Please register for the virtual Zoom webinar at https://bit.ly/ImmigrantEntrepreneurship
If you would like to attend in-person, please email LKerwin@MIT.edu
Abstract:
Migrants are often considered to be ‘natural entrepreneurs’. This notion is based on a presumed inclination to take risks, an openness to new experiences, and a higher willingness to adapt than their local counterparts. Migrants found more businesses relative to the local population in many countries, despite facing additional challenges in the startup process. To support them in overcoming these challenges and to leverage their entrepreneurial potential, more and more organizations create targeted offers for this group of entrepreneurs — particularly in cities with vibrant entrepreneurial ecosystems. Increasingly, these ‘newcomer entrepreneurs’ find that their particular needs are better recognised and taken into account. Despite this, it is still unclear which interventions actually work for which target group, and in which context. Which role do the different stakeholders and systemic mechanisms in the local entrepreneurial ecosystem play?
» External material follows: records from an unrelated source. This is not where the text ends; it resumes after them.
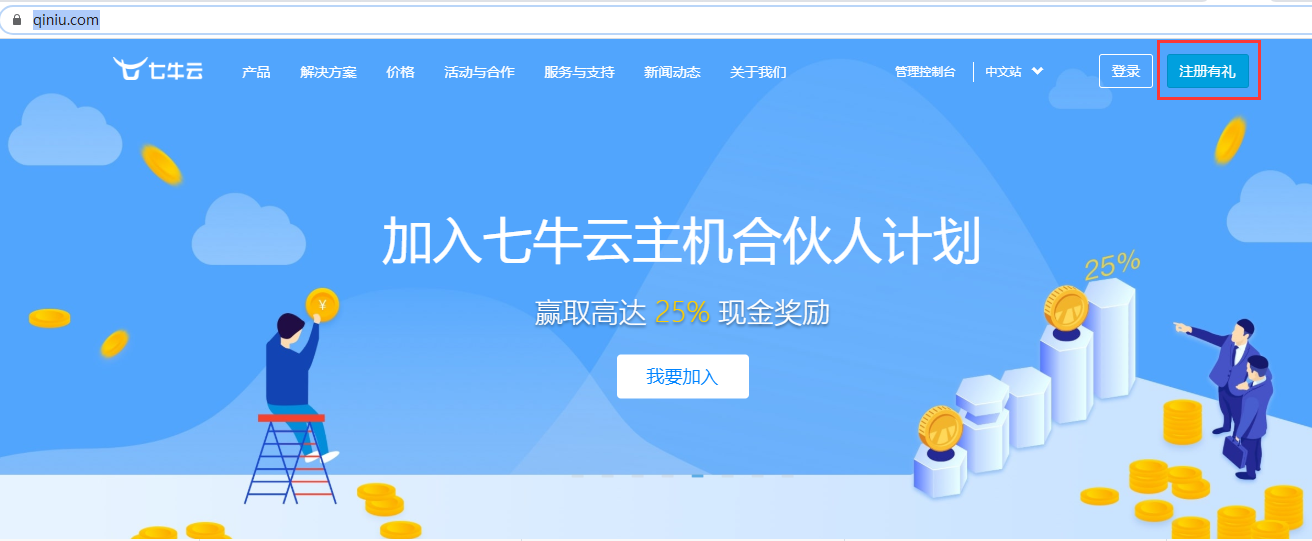 一、登录七牛云官方网站www.qiniu.com,点击右上角的【注册】按钮,填写相关信息,进行注册。  二、登录七牛云控制台,根据提示进行实名认证   三、实名认证通过之后,点击左侧的【对象存储】,进入【对象存储】控制台  四、在【对象存储】控制台页面,点击【空间管理】-【新建空间】,在弹出页面上填写空间名称,访问控制选择【公开】,确定提交。  五、点击空间名称,即可进入空间管理  六、由于七牛云默认的空间域名仅能使用30天,所以需要点击【添加加速域名】 提示:云存储绑定的域名需为全新域名(请勿绑定正在使用中的站点域名)  七、根据提示填写域名及其它信息,然后下一步,根据提示进行域名解析   八、点击【文件管理】-【上传文件】,可上传图片及视频等文件  九、返回【文件管理】,选择绑定好的域名,点击文件后面的【详情】,可复制文件的链接路径,可将mp4文件路径 复制到需要的地方。
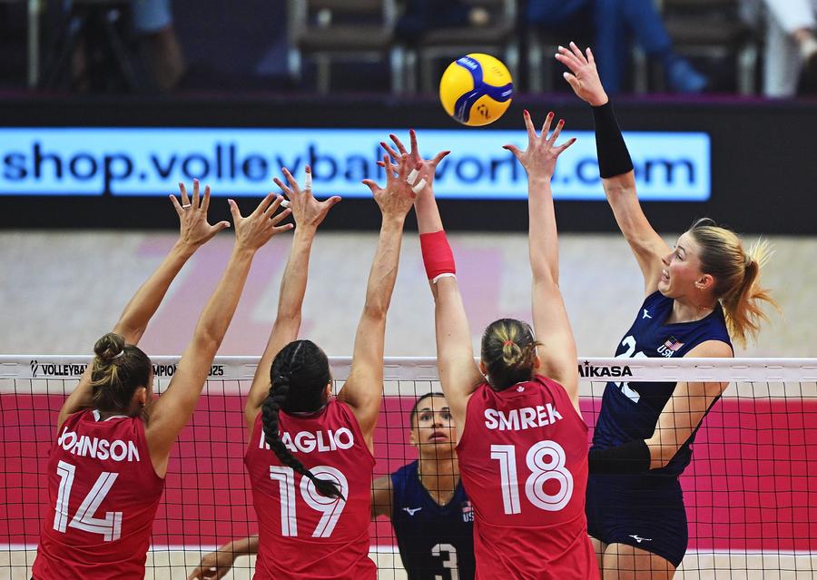 BANGKOK, Sept. 1 (Xinhua) -- World No. 6 United States swept world No. 12 Canada 3-0 here on Monday to meet Turkiye in the quarterfinals of the FIVB Volleyball Women's World Championship.
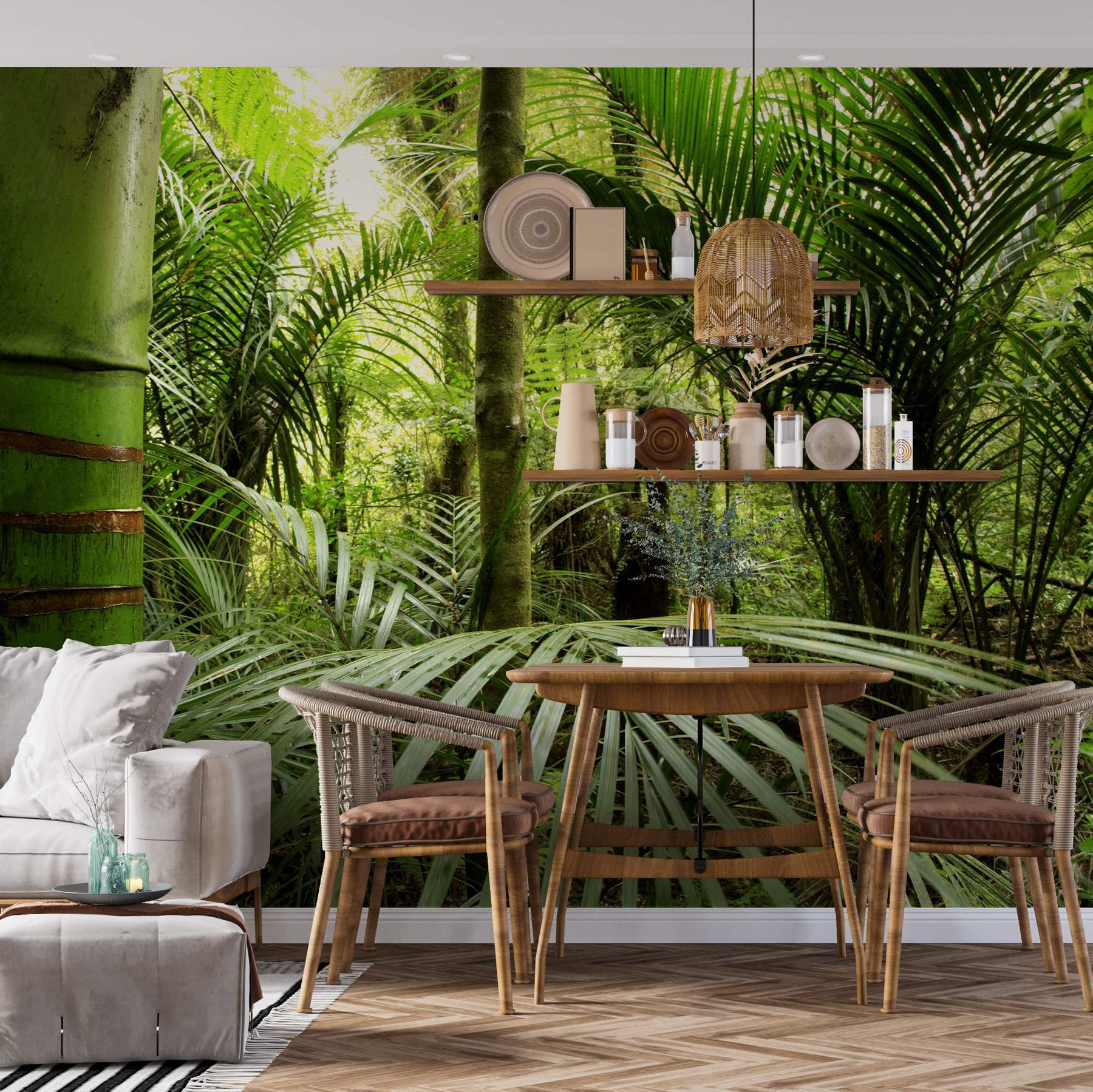 Heb je er ooit van gedroomd om te ontsnappen naar een weelderig groen paradijs zonder je woonkamer te verlaten? Met deze muurschildering van een weelderige groene jungle met palmbomen is dat precies wat je nodig hebt. Het is alsof je een geheime tuin binnenstapt, zonder dat je een paspoort nodig hebt. Stel je voor dat je ‘s ochtends aan je koffie nipt en het gevoel hebt dat je op een exotische vakantie bent. Het groen is zo levendig dat je het geritsel van de bladeren en het getjilp van de vogels bijna hoort. Perfect om in elke kamer een vredig, op de natuur geïnspireerd toevluchtsoord te creëren. Geef je kamer de sfeer van de jungle – een verrekijker is niet nodig.
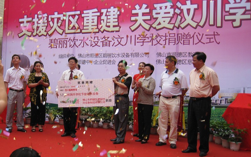2009年4月,在汶川地震一周年之際,為了盡快幫助汶川受震災(zāi)區(qū)重建家園,讓汶川的孩子們早日回到自己心愛的校園,讓孩子們喝上健康衛(wèi)生的水,碧麗公司向汶川縣正在重建中的6所學(xué)校贈送節(jié)能王數(shù)碼高背板飲水機(jī),為災(zāi)區(qū)的重建出一份力量,“大愛無疆,情系汶川”,碧麗關(guān)愛汶川災(zāi)區(qū)的孩子,為災(zāi)區(qū)孩子送上健康水是碧麗人的心愿。
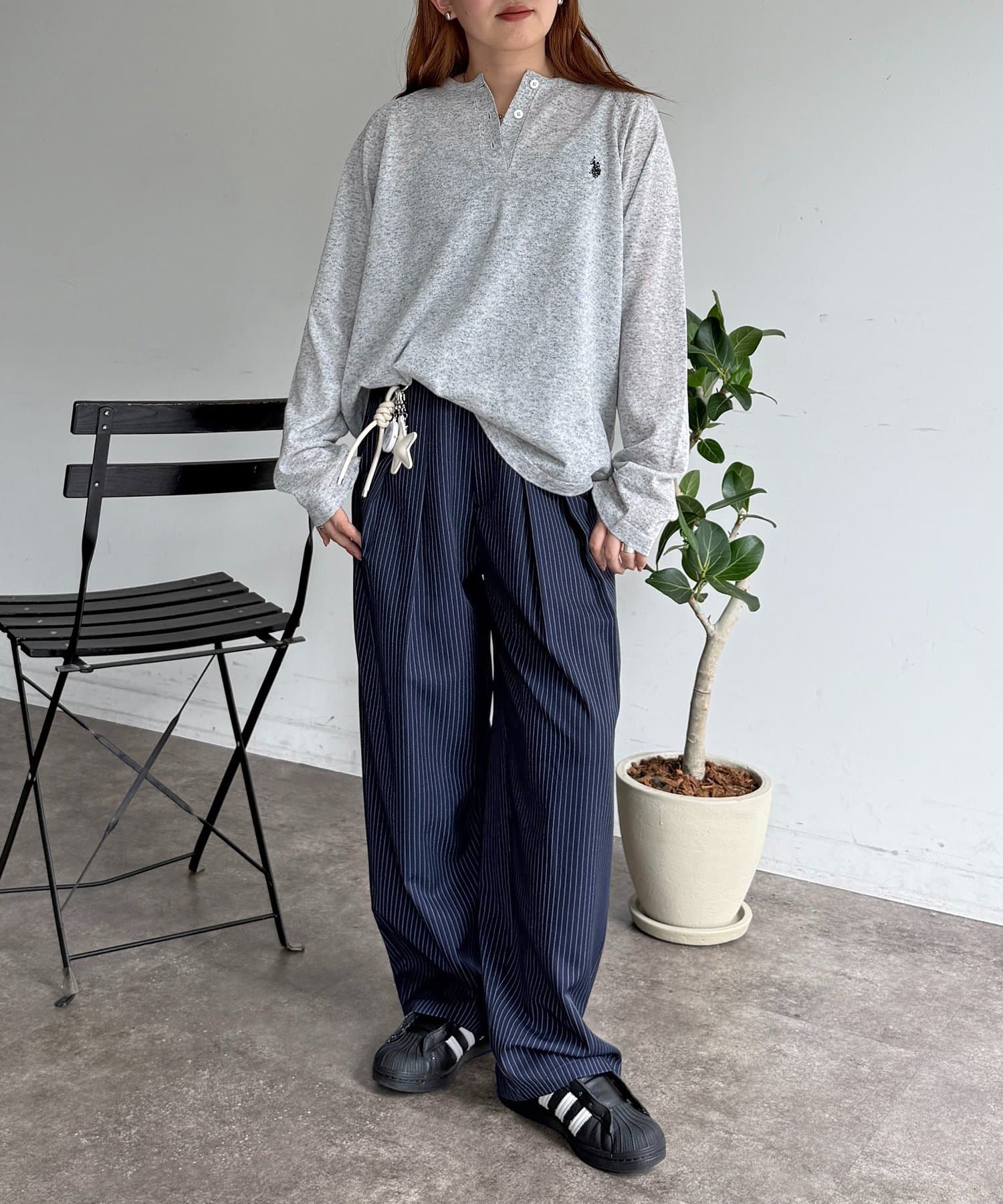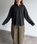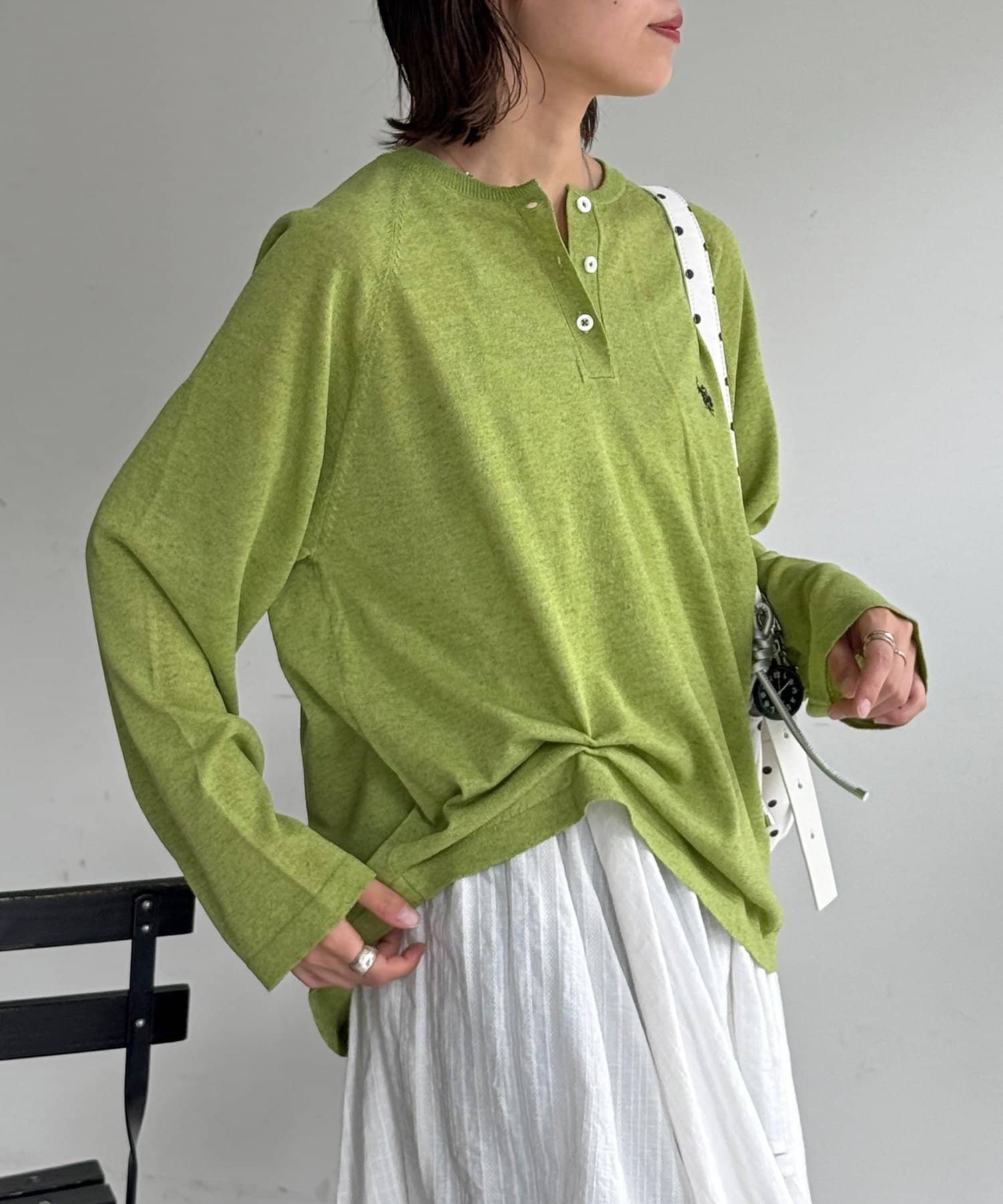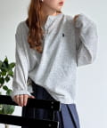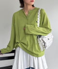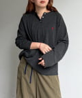 ・胸元のワンポイント刺繍とヘンリーネックが顔周りをすっきりと見せてくれます。
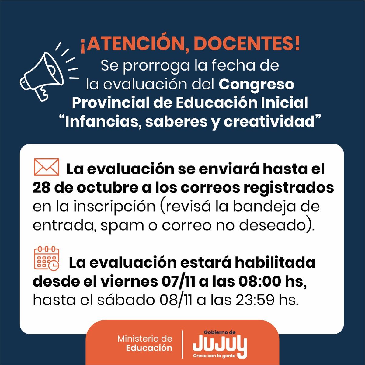 El Ministerio de Educación informa la prórroga de la evaluación correspondiente al Congreso Provincial de Educación Inicial “Infancias, saberes y creatividad”, desarrollado el pasado 6 de septiembre del corriente año, de manera simultánea en San Salvador de Jujuy y Libertador General San Martín.
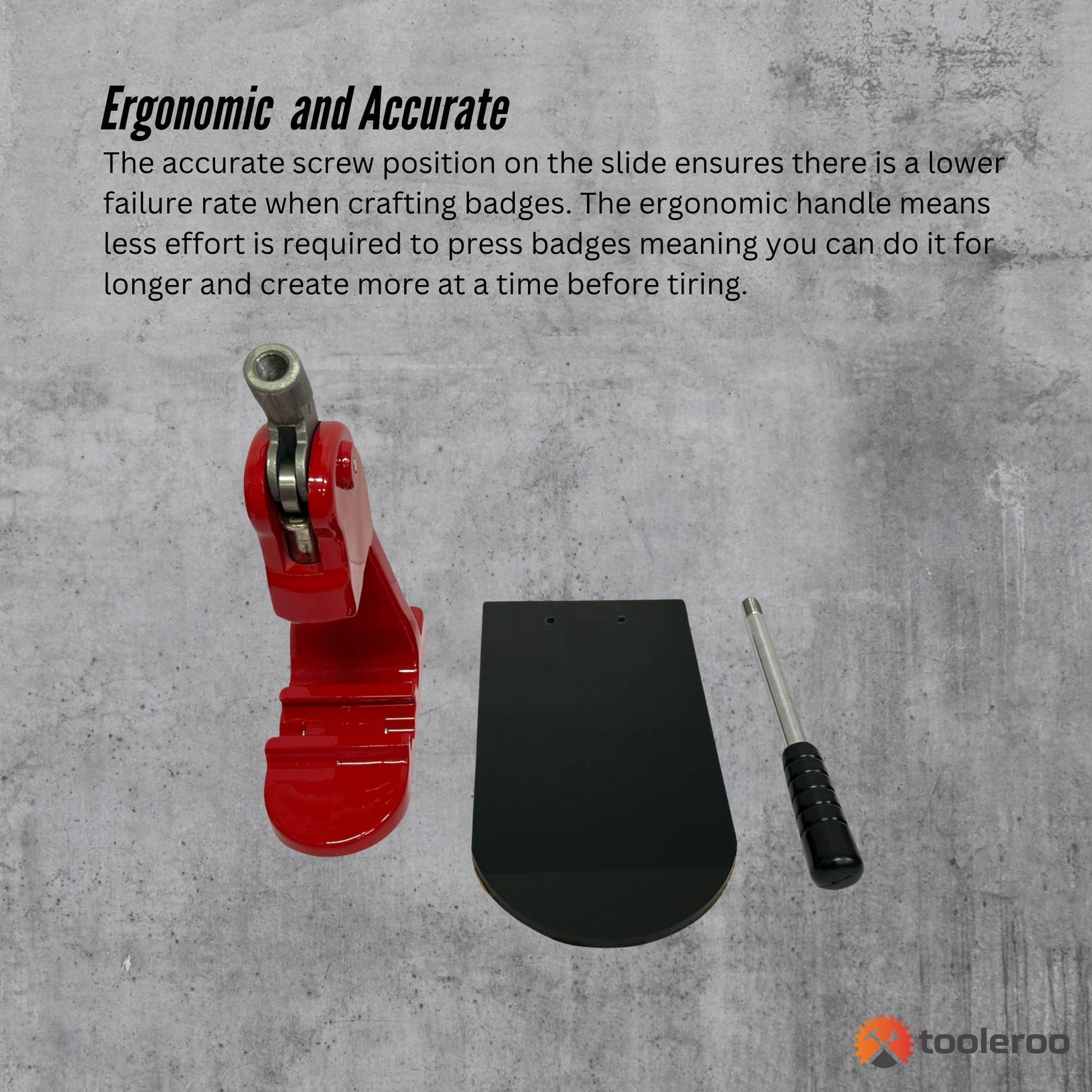 This badge maker is simple to use and learn. The accurate screw position on the slide ensures there is a lower failure rate when crafting badges. The ergonomic handle means less effort is required to press badges meaning you can do it for longer and create more at a time before tiring.

I will share findings with regard to these questions from a practitioner’s perspective — as a co-founder and active member of an international platform for migrant-led innovation and entrepreneurship. In addition, I will connect these insights with existing research on the topic and point out central themes fit for further academic inquiry.
About the speaker:
Luisa Seiler is a Fulbright Visiting Fellow at Harvard Business School where she pursues her PhD research on immigrant entrepreneurship. Luisa also is a co-founder of SINGA Business Lab, a social business that facilitates immigrant-led innovation in Europe and supports newcomer entrepreneurs in starting businesses. Currently, she is the Executive Director of Schwarzkopf Foundation Young Europe. And she held various other impact-oriented positions, such as advisor to the Chairman of the Board of BMW Foundation Herbert Quandt, senior consultant at PHINEO — a Berlin-based impact consultancy — as well as at UNHCR and the European Forum for Migration Studies. Luisa holds an M.A. in Applied Political Science from the University of Freiburg and Sciences Po Aix-en-Provence. She is an alumna of the Mercator Fellowship on International Affairs, a Responsible Leader of the BMW Foundation, and a fellow of the German National Academic Foundation.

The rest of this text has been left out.